All demos can be accessed with the credentials username user
, and password password
- 125k English emails from the Enron Dataset
- 12k pages from German parliamentary investigation reports on the NSU murder case
- 27k articles from a multi-lingual collection of Wikipedia documents related to World War II (see also case study below)
Case study WWII
Ca. 27.000 documents in our sample set are Wikipedia articles related to the topic of World War II. Articles were crawled from the encyclopedia in four languages (English:en, Spanish:es, Hungarian:hu, German:de) as a link network starting from the article “Second World War” in each respective language.
From a perspective of national history discourses and education, a certain common knowledge about WW2 can be expected. But, the topic becomes quickly a novel unexplored terrain for most people when it comes to aspects outside of the own region, e.g. the involvement of Asian powers. In our test case, we strive to fill gaps in our knowledge by identifying interesting details regarding this question.
First, we start with a visualization of entities from the entire collection which highlights central actors of WW2 in general. In the list of extracted location entities, we can filter for ca. 2,000 articles referencing to Asia (en, es), Azsia (hu) or Asien (de). In this subselection, we find most references to China as a political power of the region followed by India and Japan.
Further refinement of the collection by references to China highlights a central person name in the network, Chiang Kai-shek, who raises our interest.
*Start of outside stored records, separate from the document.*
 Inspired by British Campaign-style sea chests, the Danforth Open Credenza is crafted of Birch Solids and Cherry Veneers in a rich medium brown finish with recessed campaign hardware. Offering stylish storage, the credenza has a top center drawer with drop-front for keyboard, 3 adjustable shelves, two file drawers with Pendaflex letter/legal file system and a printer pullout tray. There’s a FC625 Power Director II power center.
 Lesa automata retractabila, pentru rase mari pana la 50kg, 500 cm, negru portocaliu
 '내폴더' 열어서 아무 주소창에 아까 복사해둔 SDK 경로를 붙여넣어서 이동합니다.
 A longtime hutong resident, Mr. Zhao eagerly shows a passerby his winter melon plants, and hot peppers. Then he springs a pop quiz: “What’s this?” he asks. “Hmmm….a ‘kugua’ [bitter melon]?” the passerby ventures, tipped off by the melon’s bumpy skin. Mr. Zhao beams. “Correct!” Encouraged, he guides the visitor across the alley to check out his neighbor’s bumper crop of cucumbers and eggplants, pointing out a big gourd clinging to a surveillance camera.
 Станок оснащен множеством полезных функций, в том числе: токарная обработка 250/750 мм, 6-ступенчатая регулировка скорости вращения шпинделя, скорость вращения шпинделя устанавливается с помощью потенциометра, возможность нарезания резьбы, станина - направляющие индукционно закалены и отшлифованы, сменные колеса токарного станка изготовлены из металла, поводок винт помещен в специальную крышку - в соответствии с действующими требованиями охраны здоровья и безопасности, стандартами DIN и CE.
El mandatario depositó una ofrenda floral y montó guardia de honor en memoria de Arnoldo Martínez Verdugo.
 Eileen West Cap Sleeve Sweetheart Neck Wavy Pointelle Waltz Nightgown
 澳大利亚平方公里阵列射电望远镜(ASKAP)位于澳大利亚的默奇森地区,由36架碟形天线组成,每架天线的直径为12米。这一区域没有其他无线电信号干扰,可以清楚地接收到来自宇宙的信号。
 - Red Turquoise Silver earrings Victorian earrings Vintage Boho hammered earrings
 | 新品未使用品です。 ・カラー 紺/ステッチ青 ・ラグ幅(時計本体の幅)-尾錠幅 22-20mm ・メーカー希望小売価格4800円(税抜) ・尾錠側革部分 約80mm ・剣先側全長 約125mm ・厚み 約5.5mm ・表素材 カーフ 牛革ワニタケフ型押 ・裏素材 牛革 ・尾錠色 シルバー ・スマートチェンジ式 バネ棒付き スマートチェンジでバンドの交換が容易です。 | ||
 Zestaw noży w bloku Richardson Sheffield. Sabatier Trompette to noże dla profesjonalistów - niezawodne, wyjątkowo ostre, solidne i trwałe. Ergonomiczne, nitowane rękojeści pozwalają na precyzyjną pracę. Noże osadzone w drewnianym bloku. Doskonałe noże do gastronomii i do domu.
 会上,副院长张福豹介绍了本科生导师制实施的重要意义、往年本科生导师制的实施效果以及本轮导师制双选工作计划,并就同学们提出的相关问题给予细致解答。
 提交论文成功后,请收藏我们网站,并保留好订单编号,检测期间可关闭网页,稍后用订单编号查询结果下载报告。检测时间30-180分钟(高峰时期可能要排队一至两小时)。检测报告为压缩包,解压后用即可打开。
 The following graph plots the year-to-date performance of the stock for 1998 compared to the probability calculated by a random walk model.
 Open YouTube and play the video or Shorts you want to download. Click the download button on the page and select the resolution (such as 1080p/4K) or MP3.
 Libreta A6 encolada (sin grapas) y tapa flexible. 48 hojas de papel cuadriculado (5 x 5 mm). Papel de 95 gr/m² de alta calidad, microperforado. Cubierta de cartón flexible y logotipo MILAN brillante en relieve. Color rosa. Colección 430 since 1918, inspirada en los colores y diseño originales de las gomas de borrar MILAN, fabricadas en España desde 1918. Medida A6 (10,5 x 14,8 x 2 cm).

To find out more, we start the filter process all over again, subselecting all articles referencing this name. The resulting entity network reveals a close connection to the organization Kuomintang (KMT).
Filtering for this organization, too, we can quickly identify articles centrally referencing to both entities by looking at their titles and extracted keywords. From the corresponding keyterm network and a KWIC view into the article fulltexts, we learn that KMT is the national party of China and Kai-Shek as their leader ruled the country during the period of WW2.
A second central actor, Mao Zedong, is strongly connected with both, KMT and Chiang Kai-shek in our entity network. From articles also prominently referencing Zedong, we learn from sections highlighting both person names that Kai-shek and Zedong, also a member of KMT and later leader of the Chinese Communists, shared a complicated relationship. By filtering for both names, we can now explore the nature of this relationship in more detail and compare its display across the four languages in our dataset.